▸ INSTRUCTIONS TO FOLLOW
Retype every entry word for word. Omit the pictures.

▸ INPUT RECORDS
★ ★ ★ ★ ★

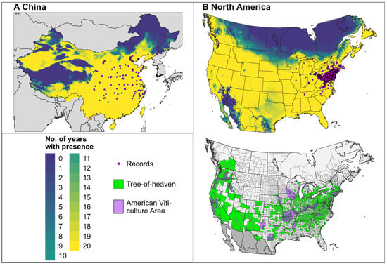 The modeled potential distributions for the spotted lanternfly in (A) China and (B) North America (top maps) according to DDRP runs for 20 recent years. Yellow areas were included in the potential distributions for all 20 years, whereas areas with cooler colors were excluded by climate stress for one or more years. Pink circles depict the approximate locations of the presence records used for model calibration and validation. The bottom map in (B) depicts county-level detections of the tree of heaven for Canada and the United States, as well as American Viticulture Areas.
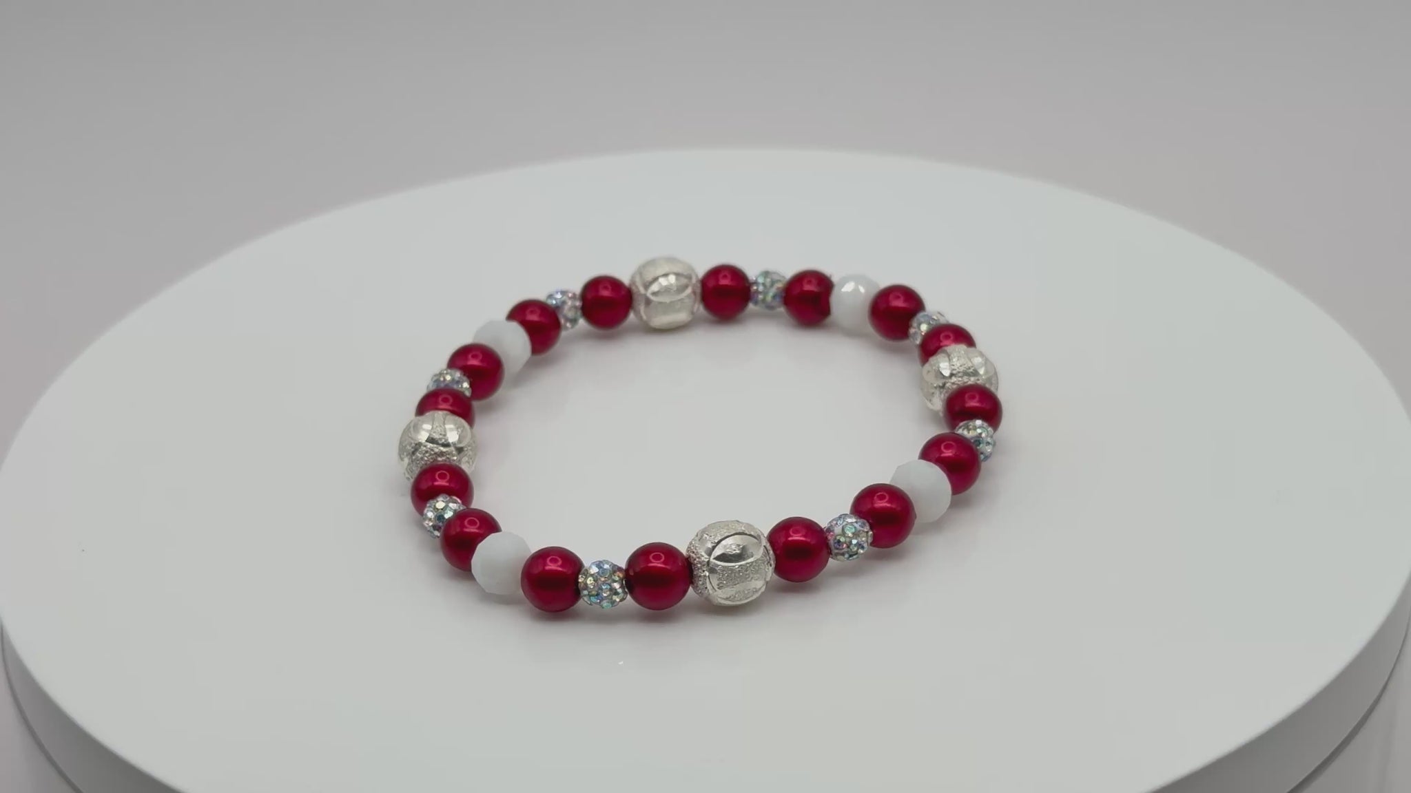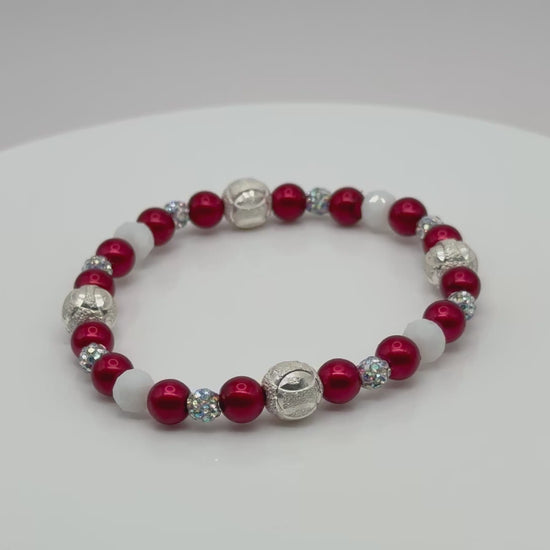 Frosty whites and festive reds come together in this graceful stretch bracelet, perfect for snowy strolls and cozy nights by the fire.
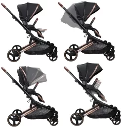 Deze wagen is vanaf de geboorte te gebruiken, doordat de zitjes in volledige ligpositie geplaatst kunnen worden. Ook kan je op het frame één of zelfs twee reiswiegen (niet meegeleverd, apart verkrijgbaar) plaatsen. De wagen bestaat dan dus uit een wandelwageninzet met reiswieg óf twee reiswiegen. De reiswieg kan je zowel boven als onder op het frame plaatsen en kan ook in twee richtingen op het frame geplaatst worden. Om de reiswieg op het frame te plaatsen heb je geen aparte adapters nodig.Â
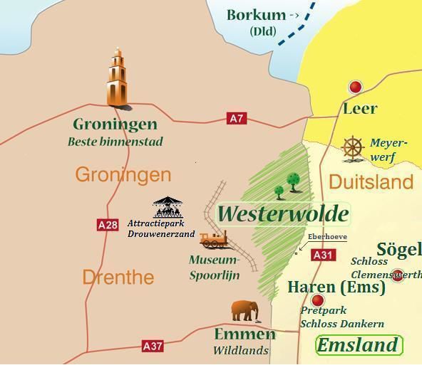 De Eberhoeve is een groot half vrijstaand vakantiehuis en een gedeelte van een mooie oude(woon)- boerderij uit 1961. Gelegen in het prachtige Sustrum-Moor (Duitsland, Emsland, vlak bij de grens met ZO-Groningen ter hoogte van Ter Apel en Sellingen) en omringd met veel groen.
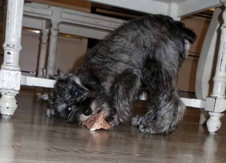 Hansu on lupaavarakenteinen, näyttävä ja karkeakarvainen snautserinalku jonka tehtävänä tällä hetkellä kasvaa tasapainoiseksi koiraksi valvovien silmiemme alla.
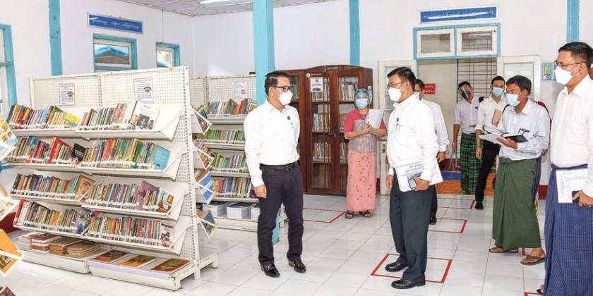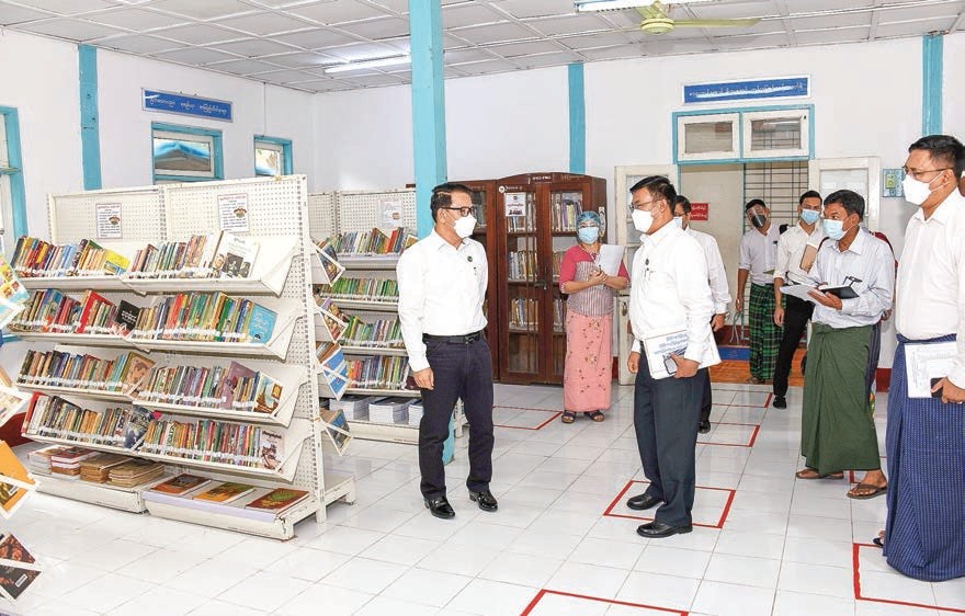 Then, the union minister and party inspected the status of rendering library services, children reading room and mobile library in Pyinmana Township Information and Public Relation Department.
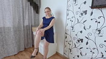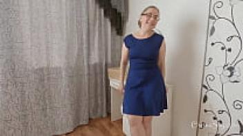 Nerdy Glasses BBW large tit Milf has her pussy caressed and loved until she has a creampie orgasm after sucking cock.
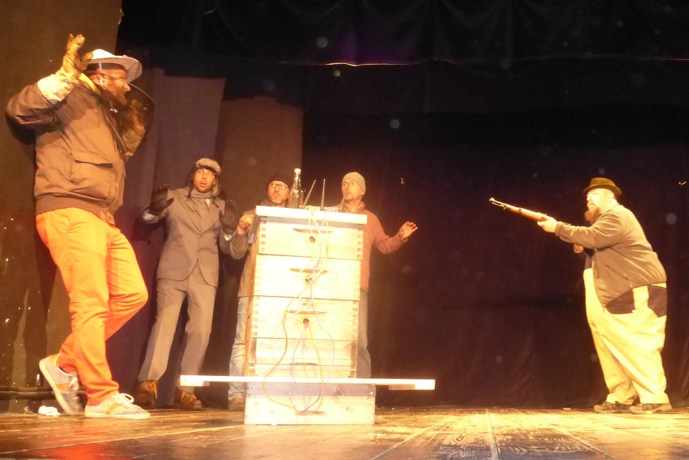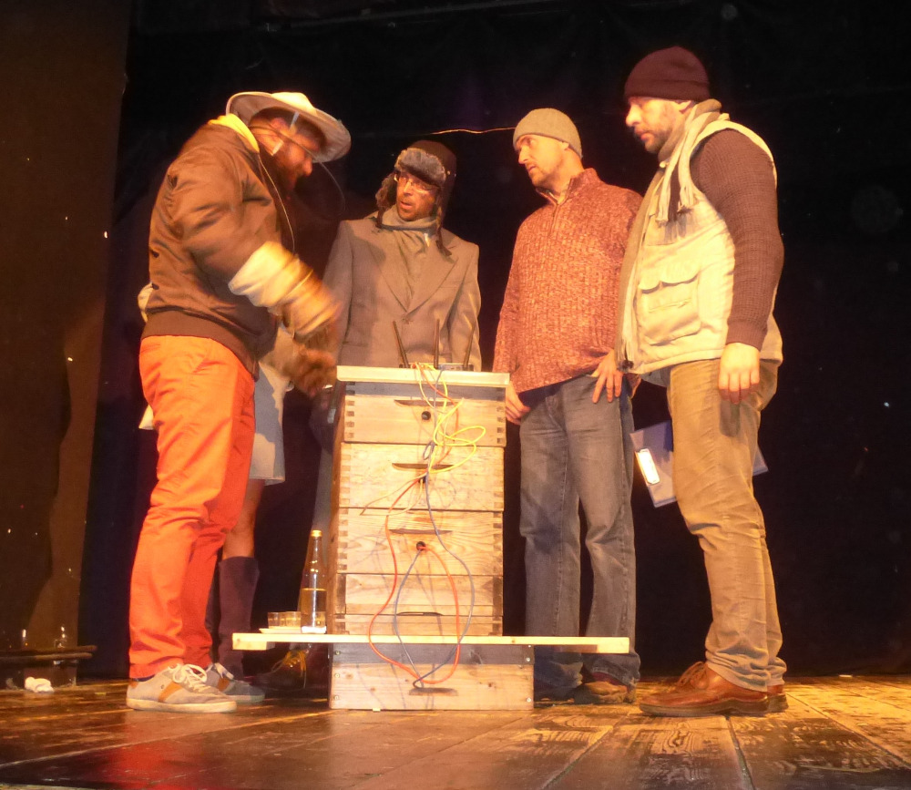 Není mnoho včelařských organizací, které by inspirovaly autora divadelních her, k výpravě představení, zobrazujícího běžný i když svérázný chod jednoho včelařského spolku. Kladenské včelaře a jejich činnost ve svých zápisech již téměř deset let zachycuje a komentuje architekt Jan Červený, mimo jiné i principál divadelní společnosti V.A.D. Nejen včelařská problematika, která je neustále středem sporů a diskuzí, ale i charaktery a postoje všech postav ne nepodobné skutečným osobám, spoluvytváří humorné situace plné nečekaných zápletek a zvratů. Ať již my včelaři, kteří si zde uvědomíme, jak se do naší komunikace prolínají všechny naše povahové rysy, tak i laici, kterým některé postoje a naše problémy musí připadat komické, se nakonec královsky pobavíme nad vtipnými dialogy, nápaditými zápletkami a neočekávaným rozuzlením. Je až s podivem, jak z útržkových dějů, rysů jednotlivých postav a obyčejných lidských vlastností autor vytvořil dílo plné humoru, dojetí i poznání. Dokonale vymyšlená je i tvorba scén, které mění sami aktéři v setmělém sále a za hlasitého zvuku včel. Iluze včelího shonu, spolupráce a pospolitosti je perfektní. Kulisami jsou nástavky, naprosto precizně domyšlené, postupně se měnící z restauračního zařízení na několik včelnic, medárnu, apidomek i včelín. Nepřísluší víc prozrazovat z vlastního děje. Najděte si nejbližší představení na stránkách www.divadlo-vad.cz, přijďte se pobavit a sami posoudit, že podobnost se skutečnými postavami a osudy je čistě náhodná.
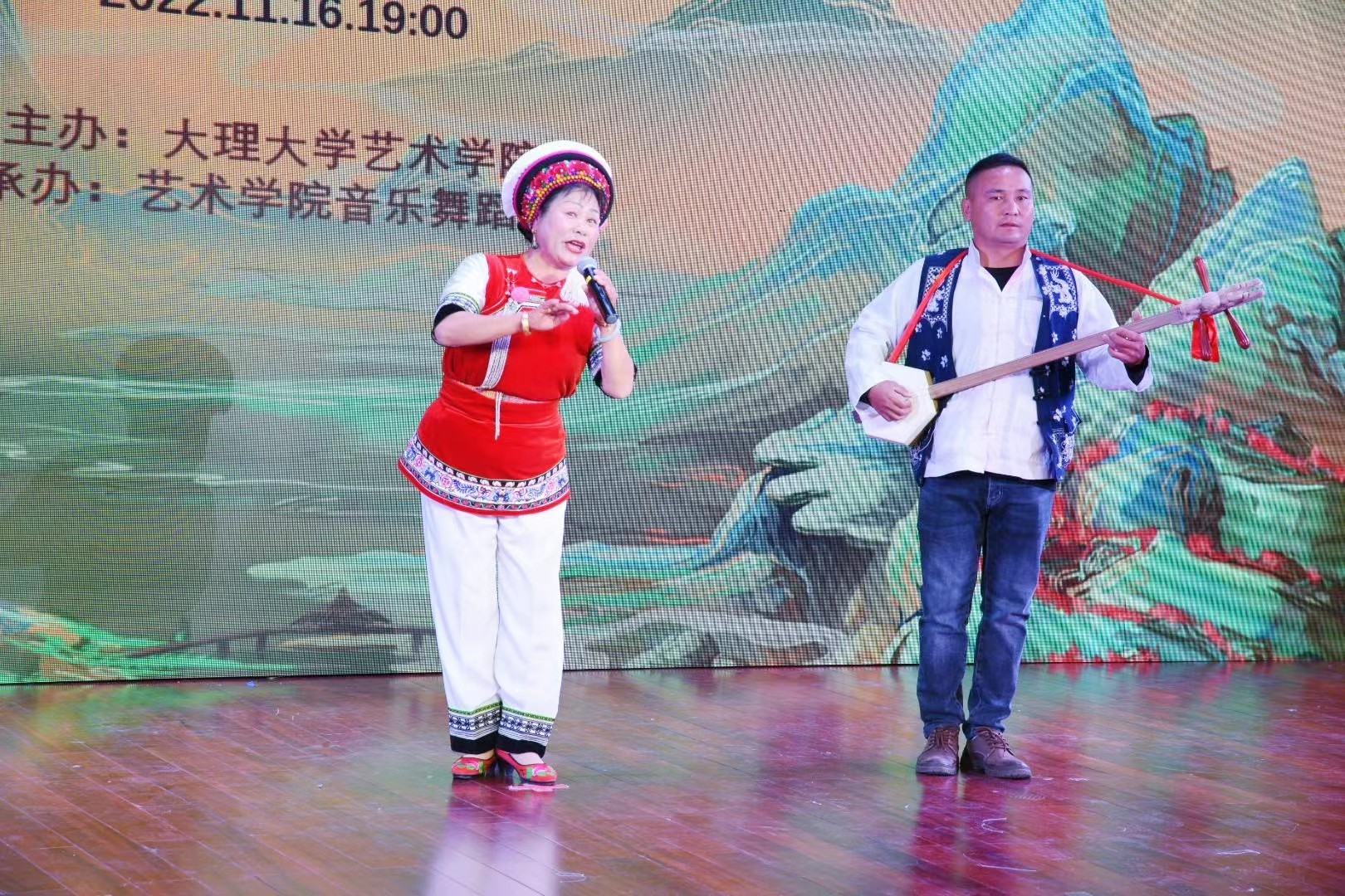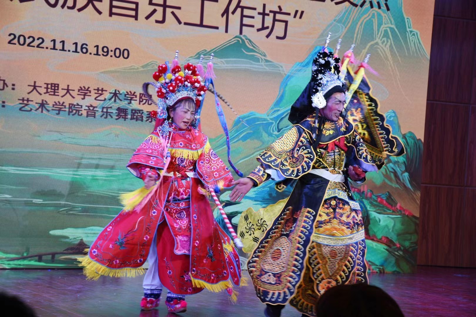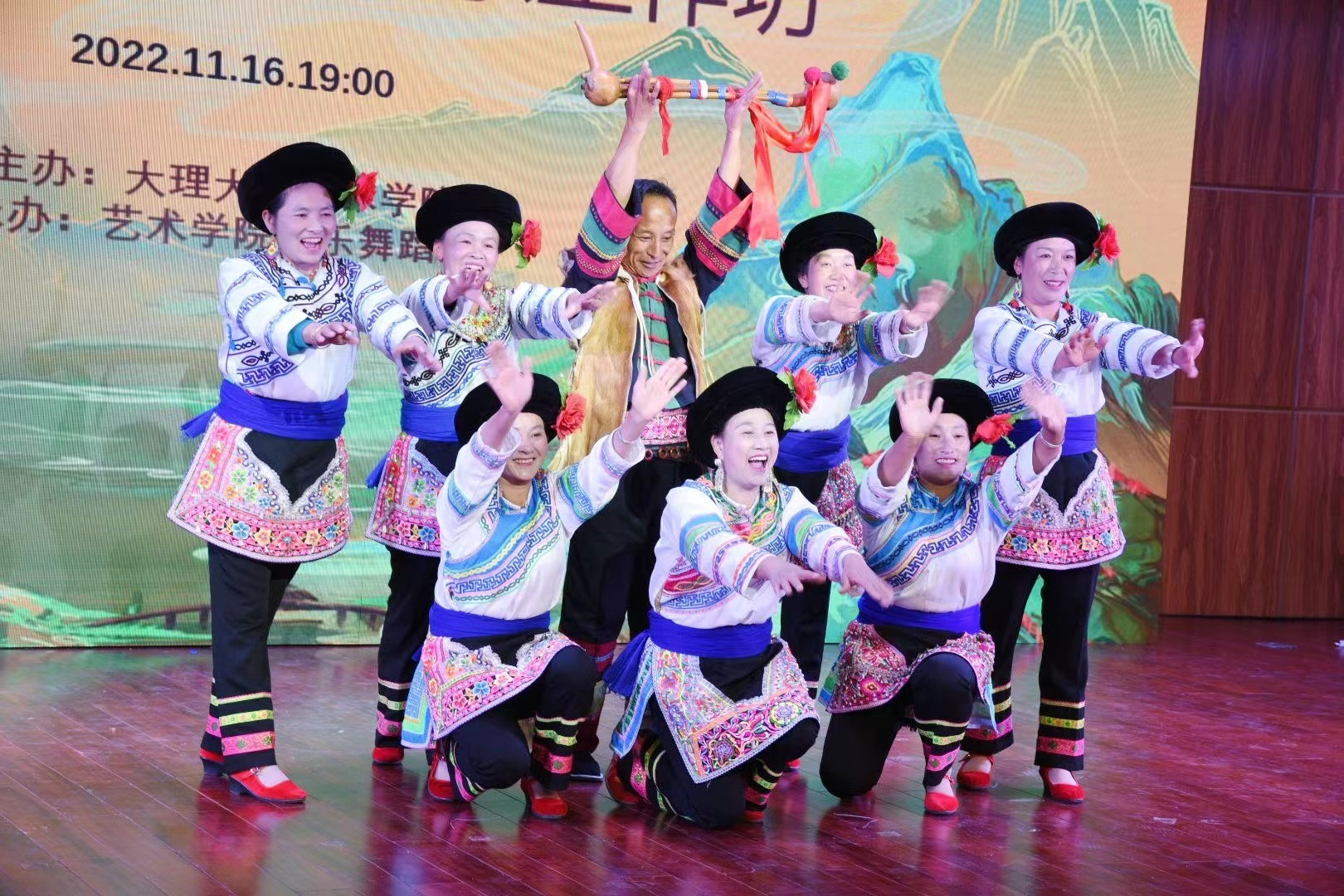 大理大學(xué)相關(guān)部門領(lǐng)導(dǎo),藝術(shù)學(xué)院師生,以及來自大理州內(nèi)9個(gè)民間藝術(shù)傳承人團(tuán)隊(duì)參加了晚會。
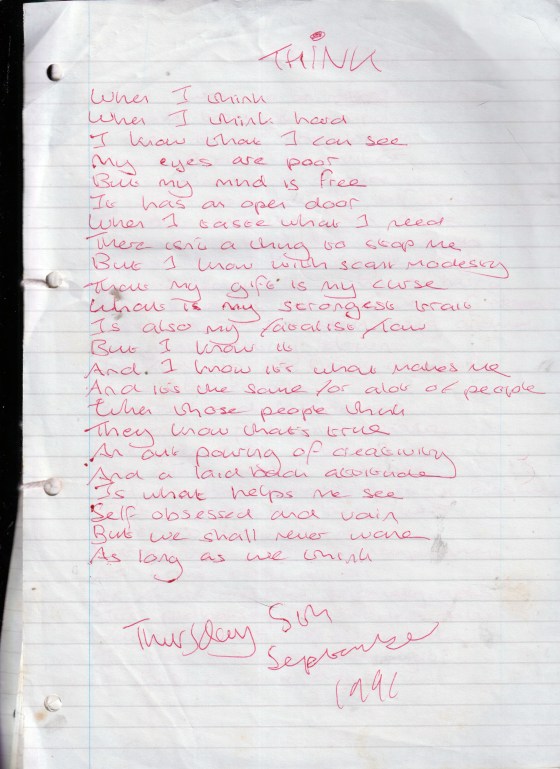 Think – Written Thursday 5th September 1996 (Aged 21)
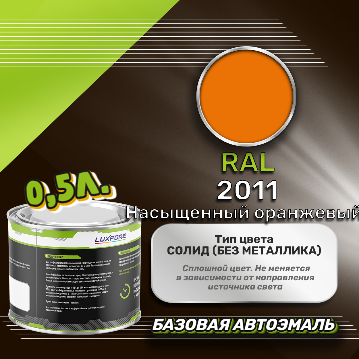 Базовая автоэмаль Luxfore в банке объемом 500 мл, по цветовому каталогу RAL, цвет 2011 Насыщенный оранжевый. Премиальная автомобильная краска, обладает высокой укрывистостью и скоростью сушки, что позволит вам: быстро и качественно провести предпродажную подготовку автомобиля, а также выполнить небольшой ремонт лакокрасочного покрытия самостоятельно. Примечание: Внимание! Все базовые автоэмали, не покрытые автомобильным лаком имеют тусклый матовый цвет, а также подвержены воздействию окружающей среды. Помните, что базовые автомобильные краски необходимо обязательно покрывать автомобильным лаком для защиты от воздействия окружающей среды, а также получения законченного глянцевого вида.
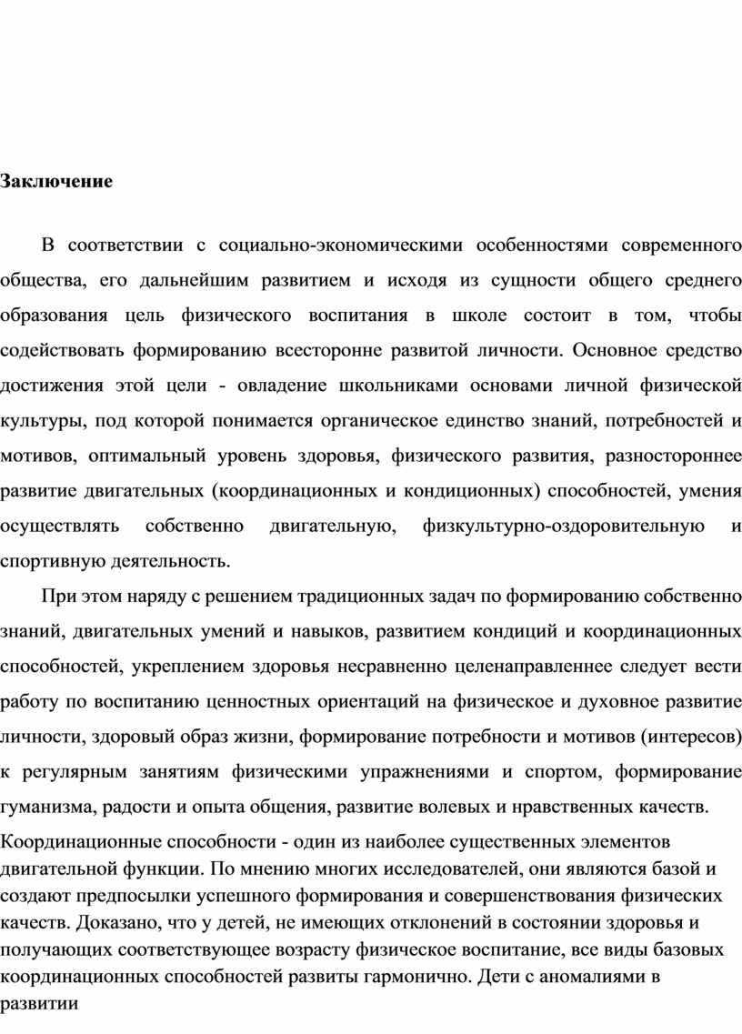 Координационные способности - один из наиболее существенных элементов двигательной функции. По мнению многих исследователей, они являются базой и создают предпосылки успешного формирования и совершенствования физических качеств. Доказано, что у детей, не имеющих отклонений в состоянии здоровья и получающих соответствующее возрасту физическое воспитание, все виды базовых координационных способностей развиты гармонично. Дети с аномалиями в развитии имеют нарушения в работе анализаторной системы, следствием этого являются отклонения в формировании механизмов координационных проявлений.

★ ★ ★ ★ ★

▸ RESPONSE BOX
 The modeled potential distributions for the spotted lanternfly in (A) China and (B) North America (top maps) according to DDRP runs for 20 recent years. Yellow areas were included in the potential distributions for all 20 years, whereas areas with cooler colors were excluded by climate stress for one or more years. Pink circles depict the approximate locations of the presence records used for model calibration and validation. The bottom map in (B) depicts county-level detections of the tree of heaven for Canada and the United States, as well as American Viticulture Areas.
 Frosty whites and festive reds come together in this graceful stretch bracelet, perfect for snowy strolls and cozy nights by the fire.
 Deze wagen is vanaf de geboorte te gebruiken, doordat de zitjes in volledige ligpositie geplaatst kunnen worden. Ook kan je op het frame één of zelfs twee reiswiegen (niet meegeleverd, apart verkrijgbaar) plaatsen. De wagen bestaat dan dus uit een wandelwageninzet met reiswieg óf twee reiswiegen. De reiswieg kan je zowel boven als onder op het frame plaatsen en kan ook in twee richtingen op het frame geplaatst worden. Om de reiswieg op het frame te plaatsen heb je geen aparte adapters nodig.Â
 De Eberhoeve is een groot half vrijstaand vakantiehuis en een gedeelte van een mooie oude(woon)- boerderij uit 1961. Gelegen in het prachtige Sustrum-Moor (Duitsland, Emsland, vlak bij de grens met ZO-Groningen ter hoogte van Ter Apel en Sellingen) en omringd met veel groen.
 Hansu on lupaavarakenteinen, näyttävä ja karkeakarvainen snautserinalku jonka tehtävänä tällä hetkellä kasvaa tasapainoiseksi koiraksi valvovien silmiemme alla.
 Then, the union minister and party inspected the status of rendering library services, children reading room and mobile library in Pyinmana Township Information and Public Relation Department.
 Nerdy Glasses BBW large tit Milf has her pussy caressed and loved until she has a creampie orgasm after sucking cock.
 Není mnoho včelařských organizací, které by inspirovaly autora divadelních her, k výpravě představení, zobrazujícího běžný i když svérázný chod jednoho včelařského spolku. Kladenské včelaře a jejich činnost ve svých zápisech již téměř deset let zachycuje a komentuje architekt Jan Červený, mimo jiné i principál divadelní společnosti V.A.D. Nejen včelařská problematika, která je neustále středem sporů a diskuzí, ale i charaktery a postoje všech postav ne nepodobné skutečným osobám, spoluvytváří humorné situace plné nečekaných zápletek a zvratů. Ať již my včelaři, kteří si zde uvědomíme, jak se do naší komunikace prolínají všechny naše povahové rysy, tak i laici, kterým některé postoje a naše problémy musí připadat komické, se nakonec královsky pobavíme nad vtipnými dialogy, nápaditými zápletkami a neočekávaným rozuzlením. Je až s podivem, jak z útržkových dějů, rysů jednotlivých postav a obyčejných lidských vlastností autor vytvořil dílo plné humoru, dojetí i poznání. Dokonale vymyšlená je i tvorba scén, které mění sami aktéři v setmělém sále a za hlasitého zvuku včel. Iluze včelího shonu, spolupráce a pospolitosti je perfektní. Kulisami jsou nástavky, naprosto precizně domyšlené, postupně se měnící z restauračního zařízení na několik včelnic, medárnu, apidomek i včelín. Nepřísluší víc prozrazovat z vlastního děje. Najděte si nejbližší představení na stránkách www.divadlo-vad.cz, přijďte se pobavit a sami posoudit, že podobnost se skutečnými postavami a osudy je čistě náhodná.
 大理大學(xué)相關(guān)部門領(lǐng)導(dǎo),藝術(shù)學(xué)院師生,以及來自大理州內(nèi)9個(gè)民間藝術(shù)傳承人團(tuán)隊(duì)參加了晚會。
 Think – Written Thursday 5th September 1996 (Aged 21)
 Базовая автоэмаль Luxfore в банке объемом 500 мл, по цветовому каталогу RAL, цвет 2011 Насыщенный оранжевый. Премиальная автомобильная краска, обладает высокой укрывистостью и скоростью сушки, что позволит вам: быстро и качественно провести предпродажную подготовку автомобиля, а также выполнить небольшой ремонт лакокрасочного покрытия самостоятельно. Примечание: Внимание! Все базовые автоэмали, не покрытые автомобильным лаком имеют тусклый матовый цвет, а также подвержены воздействию окружающей среды. Помните, что базовые автомобильные краски необходимо обязательно покрывать автомобильным лаком для защиты от воздействия окружающей среды, а также получения законченного глянцевого вида.
 Координационные способности - один из наиболее существенных элементов двигательной функции. По мнению многих исследователей, они являются базой и создают предпосылки успешного формирования и совершенствования физических качеств. Доказано, что у детей, не имеющих отклонений в состоянии здоровья и получающих соответствующее возрасту физическое воспитание, все виды базовых координационных способностей развиты гармонично. Дети с аномалиями в развитии имеют нарушения в работе анализаторной системы, следствием этого являются отклонения в формировании механизмов координационных проявлений.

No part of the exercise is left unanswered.